Procalcitonin levels as an early marker in patients with multiple trauma under intensive care.

作者信息

Balci C, Sivaci R, Akbulut G, Karabekir H S

机构信息

Department of Anaesthesiology, Afyon Kocatepe University School of Medicine, Afyonkarahisar, Turkey.

出版信息

J Int Med Res. 2009 Nov-Dec;37(6):1709-17. doi: 10.1177/147323000903700606.

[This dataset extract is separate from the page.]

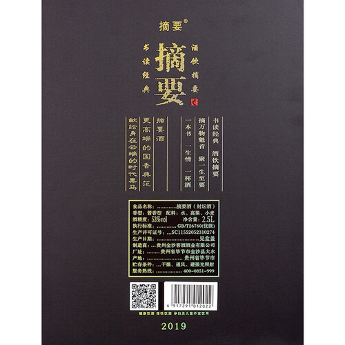 萃取富含矿物质的赤水河水,并以优质高粱、小麦进行发酵,浓郁醇香的口感经久爱喝。2.5L的大容量,商务场合宴请畅饮更开怀。

DOI:10.1177/147323000903700606
PMID:20146868
Abstract

This prospective study investigated the levels of procalcitonin (PCT) and C-reactive protein (CRP) in patients with various types and severity of multiple trauma, and their relationship to trauma-related complications. Adult multiple-trauma patients (n = 113) admitted to the intensive care unit (ICU) in the first 24 h after trauma were included. The Injury Severity Scores (ISS), and PCT and CRP levels were measured in the first 24 h (day 1), on day 7 and on the final day of their ICU stay. Survival at 30 days was recorded. Mean PCT and CRP levels were both significantly higher on day 7 compared with day 1 and the final assessment day in patients with an ISS > 20. Levels of PCT were significantly higher in cases with sepsis, severe sepsis or septic shock compared with cases who developed systemic inflammatory response syndrome (SIRS), however levels of CRP were significantly higher only in cases with severe sepsis or septic shock, but not in cases with sepsis alone. These data support the view that PCT levels may be a better indicator than CRP levels in the early diagnosis of septic complications in patients with multiple trauma.

摘要

这项前瞻性研究调查了不同类型和严重程度的多发伤患者的降钙素原(PCT)和C反应蛋白(CRP)水平,以及它们与创伤相关并发症的关系。纳入了创伤后24小时内入住重症监护病房(ICU)的成年多发伤患者(n = 113)。在入住ICU的第1天(创伤后24小时内)、第7天和最后一天测量损伤严重程度评分(ISS)、PCT和CRP水平。记录30天的生存率。ISS>20的患者中,第7天的平均PCT和CRP水平均显著高于第1天和最终评估日。与发生全身炎症反应综合征(SIRS)的患者相比,脓毒症、严重脓毒症或脓毒性休克患者的PCT水平显著更高,然而,仅严重脓毒症或脓毒性休克患者的CRP水平显著更高,单纯脓毒症患者则不然。这些数据支持这样一种观点,即在多发伤患者脓毒症并发症的早期诊断中,PCT水平可能是比CRP水平更好的指标。